Here Einstein lies, an enterprising Teuton, Who, relatively speaking, silenced Newton.

He hadn't heard it, but found it amusing. Nor had Einstein heard the following limerick:

Three wonderful people called Stein;
There's Cert and there's Ep and there's Ein.
Gert writes in blank verse,
Ep's sculptures are worse,
And nobody understands Ein.

This amused him, but best of all he liked the story of the two men from the Bronx.

"What is relativity?" wonders the first. "Supposing," explains the second, "an old lady sits in your lap for a minute, a minute seems like an hour. But if a beautiful girl sits in your lap for an hour, an hour seems like a minute."

"And this is relativity?" asks his companion.

"Yes," answers the other, "that's relativity."


"And from this he earns a living?" Einstein laughed heartily at this and remarked that it was one of the best explanations that he had ever heard.

When I asked his opinion of the great acclaim he had received, he replied quite seriously, "It feels like a fraud." He really didn't understand what all the fuss was about. This was not false modesty. Einstein was perfectly serious. I understood, of course, that he was talking about-as one distinguished physicist said of him - "hitting the jackpot not once, but five times." His quintuple "jackpot" (the theory of special relativity, the theory of general relativity, the unified field theory, quantum mechanics and statistical physics), while it had entailed hard work, was really easy for him; the acclaim seemed more than a bit overdone. Those of us who have lived long enough and met many kinds of people know that men and women of genius are seldom vain and that those of lesser achievement often are.

When I was a student in the early 1920s, relativity hit postwar England with a bang. I remember silting up with fellow students late into the night trying to clarify what it really meant.

We understood that Einstein's theories were revolutionary and exciting, but I am not sure that any of us ever developed a clear idea of what Einstein was really saying. To make up for my ignorance, I took to reading books on theoretical physics. One of the things that greatly interested me was the principle of indeterminacy, or, roughly, chance. As a determinist - that is, one who believes that everything has an explicable cause - it seemed to me that only when our knowledge is limited are we unable to reach a specification of the necessary conditions sufficient to explain an effect. I think it was Henry Norris Russell, the astronomer, who preferred to call the principle of indeterminacy "the principle of limited human measurability."
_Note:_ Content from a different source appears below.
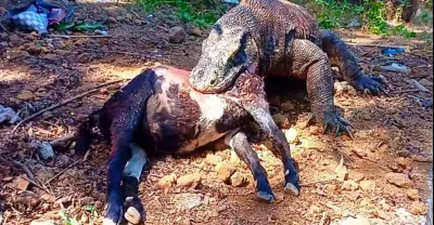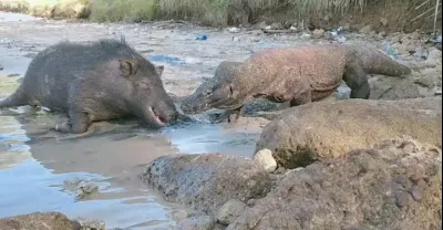 part 2, wild boar, eaten by two komodo dragons,,🐗
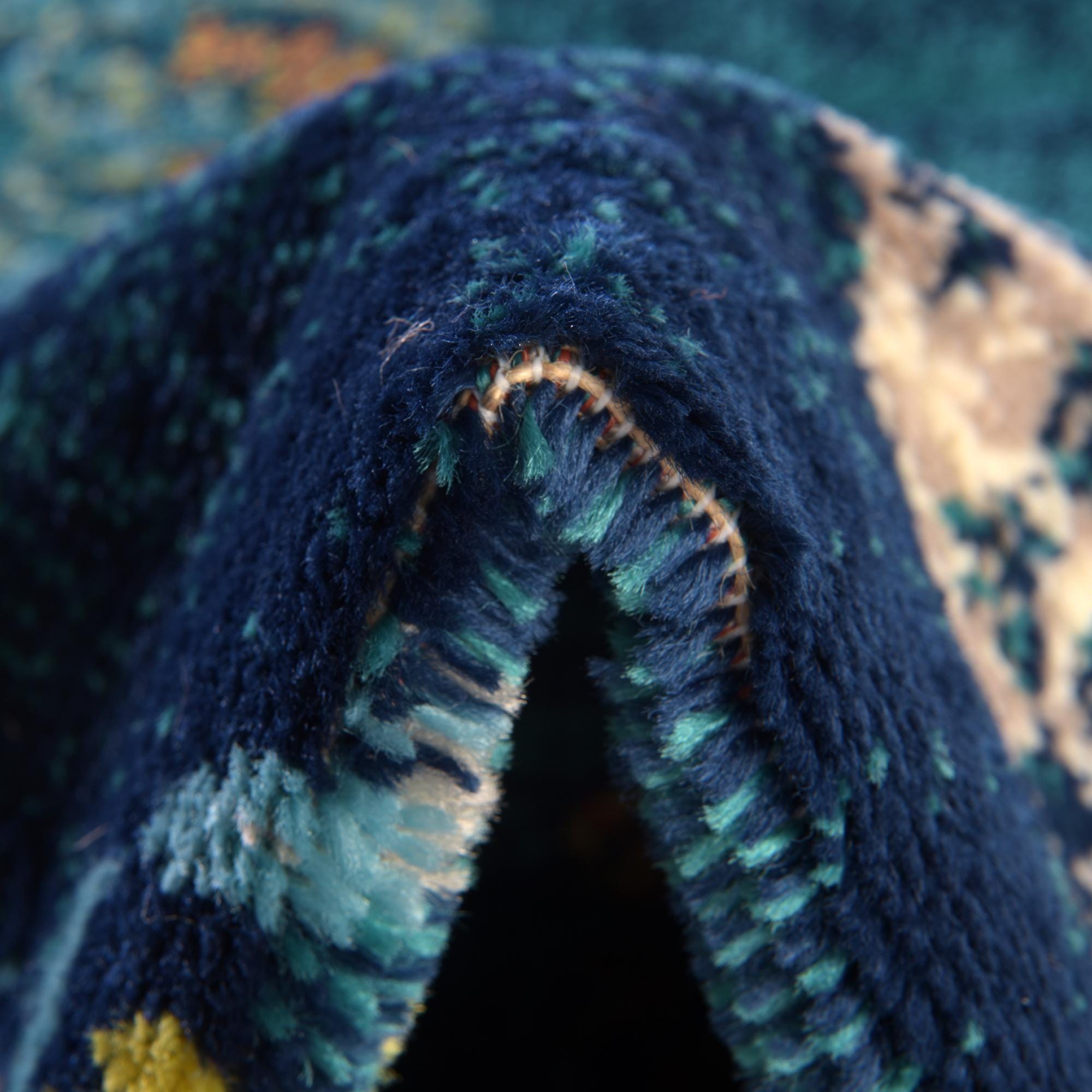Primary color is Navy Blue. Colors in this rug include: Navy Blue, Ivory, Light Blue, Light Green, Orange, Turquoise, Yellow, Pink.

When I asked Einstein about this, he said he firmly believed that only our ignorance prevented us from predicting, in any generated movement of atoms, precisely where each will be. "Good. It is excellent," he said of Russell's principle. "It is, indeed, due to our human limitations that we cannot solve many problems, not because some problems are necessarily insoluble." This was implied in his famous remark, "Subtle is the Lord, but malicious He is not." When asked what he meant by this, he replied, "Nature hides her secret because of her essential loftiness, but not by means of ruse." And on another occasion he put this even more explicitly: "I am at all events convinced that He does not play dice."

On a purely personal matter, I once asked Einstein how many hours he slept. He replied, "Seven." I told him that Napoleon said that he needed only three hours. "Ah," commented Einstein, "but he was such a big boaster!"

During his last years, Einstein was often to be seen walking down Nassau Street, the main street of Princeton, usually accompanied by a friend or his stepdaughter, on his head his favorite knitted cap, in summer in a pullover, in winter in a topcoat. Often, when he happened to pass by, children would call out to him, "Hi, Einstein!" And he would invariably return their greeting with a smile and a wave.

The morning following Einstein's death on April 18, 1955, my editor said, "Princeton must no longer be the same to you without Einstein." It was very true, and continues to be so, as if a piece of the continent had been washed away by the sea. It is a feeling, I am sure, most people in Princeton experienced. It is a feeling, I am sure, much of the world shared.